Amidst the frisson that coursed through my network of soccer-loving friends upon news of David Beckham's impending move stateside, one killjoy wondered whether the signing might spark the kind of escalating arms race that torpedoed professional soccer's initial attempt at conquering America.

There's always the chance that the Beckham signing will spark a drunken orgy of spending, but I think MLS Management is mindful of the errors that doomed the NASL and other American soccer leagues. The MLS is essentially a centrally managed corporation that allows its individual units (the franchises) limited autonomy to conduct their business and in their pseudo-socialist way they've done a pretty good job at distributing players and capping spending, so I'm willing to give them the benefit of the doubt on this one.

Basically, I look at the Beckham signing as a marketing expense and at $250 million a fairly reasonable one for an organization with the ambitions that MLS maintains. When you're a league without a significant TV contract, you have to take extraordinary steps to generate publicity and sizzle, because an American sports league without a viable TV deal is hardly a league at all, ask the NHL.

Beckham is almost an industry unto himself and will attract more attention alone than the entire MLS did before his arrival. And that's before you consider the run-off publicity sure to appear in all the non-sports related venues on account of his massive celebrity (Vanity Fair, People, US Weekly, etc).

The biggest problem with American soccer (aside from its relative lack of success making inroads into working and lower class populations of the non-recent immigrant variety) is that there's a huge disconnect between its popularity as a participant sport and spectator sport. Tons of people play soccer growing up. More Americans play soccer growing up than any other sport. Probably twenty times as many people played organized soccer growing up as played American football. But people who played soccer from the first grade to twelfth without ever setting foot on the gridiron will breathlessly watch a meaningless regular season NFL game while ignoring professional soccer entirely.

They watch football because the culture, the aura that surrounds the sport is greater than the game itself. In this celebrity-obsessed age, a figure like Beckham can provide a measure of glamour that not only attracts attention to soccer but illustrates to kids deciding what sport to pursue that soccer is as sexy, sexier perhaps, than the alternatives.

Of course, the question is whether you can transform that cult-of-personality into appreciation of the sport as whole, or whether it withers away and dies, a la post-Lance Tour de France. Regardless, I think it's worth a shot because star power can deliver a sport into the national consciousness, in fact, it's practically the only thing that ever has.
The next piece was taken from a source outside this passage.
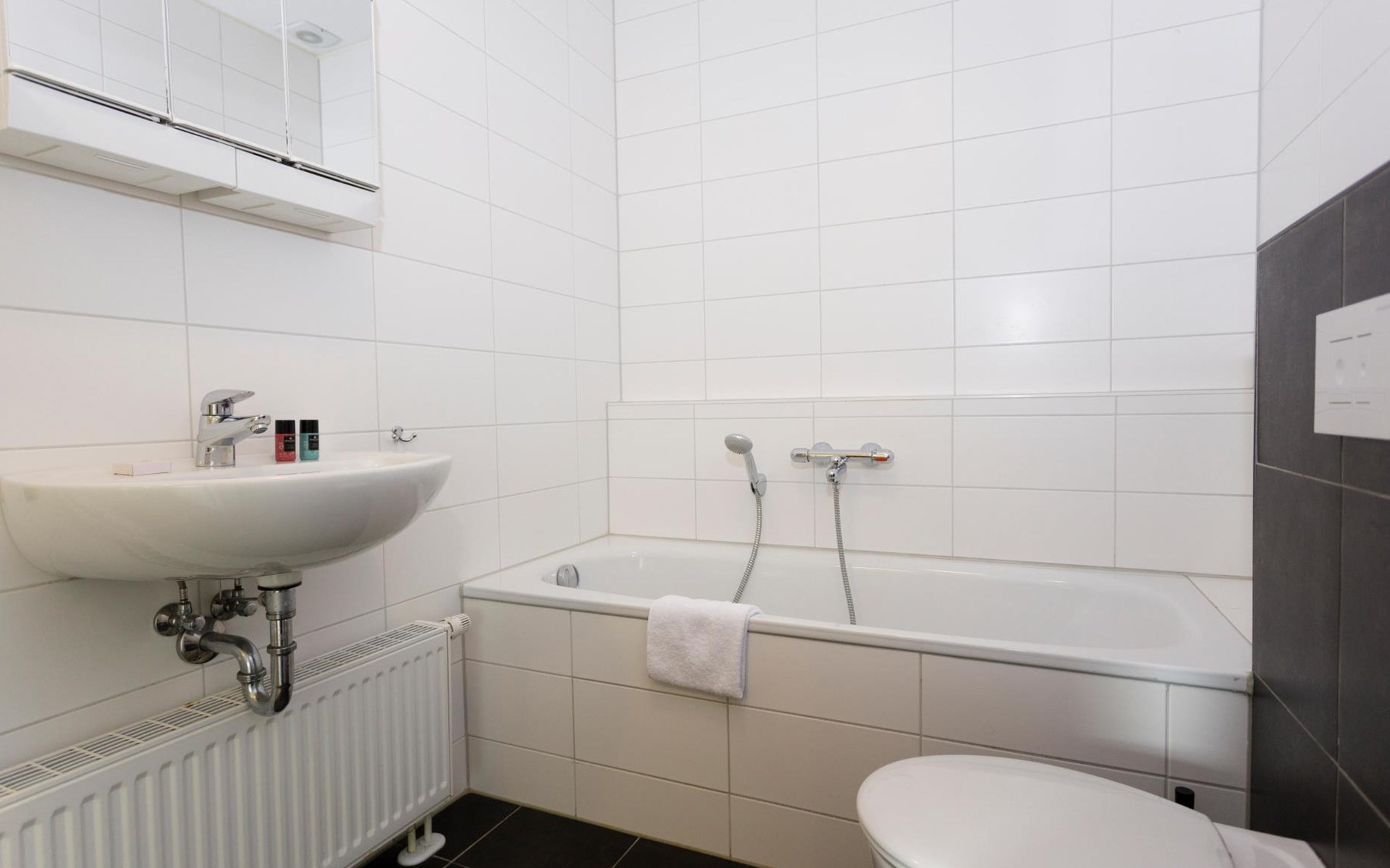 De eerste verdieping bestaat uit 2 slaapkamers met 2 éénpersoonsbedden en een badkamer met een douche, wastafel en toilet. In totaal beschikken 2 van de 4 slaapkamers ook over een televisie.
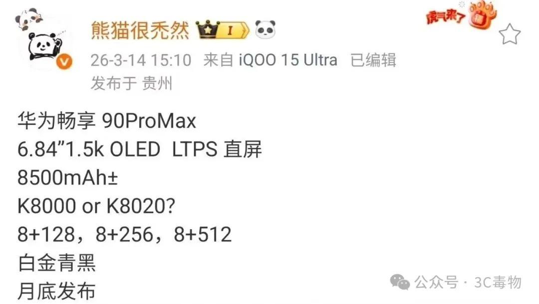 但已經有網友,提前透露了華爲暢享90ProMax的相關配置信息。

A lot of people don't realize that before Bird and Magic burst on the scene, the NBA was a dying league where the championship finals games were shown on tape delay and its games pulled worse ratings than bowling. I don't know if Beckham can have the same effect, especially without a counterpoint (maybe an aging Latin stud (Ronaldo?) to recapture the whole racial subtext that helped fuel Bird v. Magic), but I think it's clear that for a sport to succeed it America it has to rise from the level of athletics to the level of spectacle. If anyone can help do this, it's Beckham. Now, if only we could get Posh Spice into cheerleading...

1 comments:

bartolut2 said...

Hello Troy!

Excellent blog post on the state of soccer in the United States! I don't know how often you check this account, but I wanted to wish you a happy birthday tomorrow, and that things are going well for you out there in SF.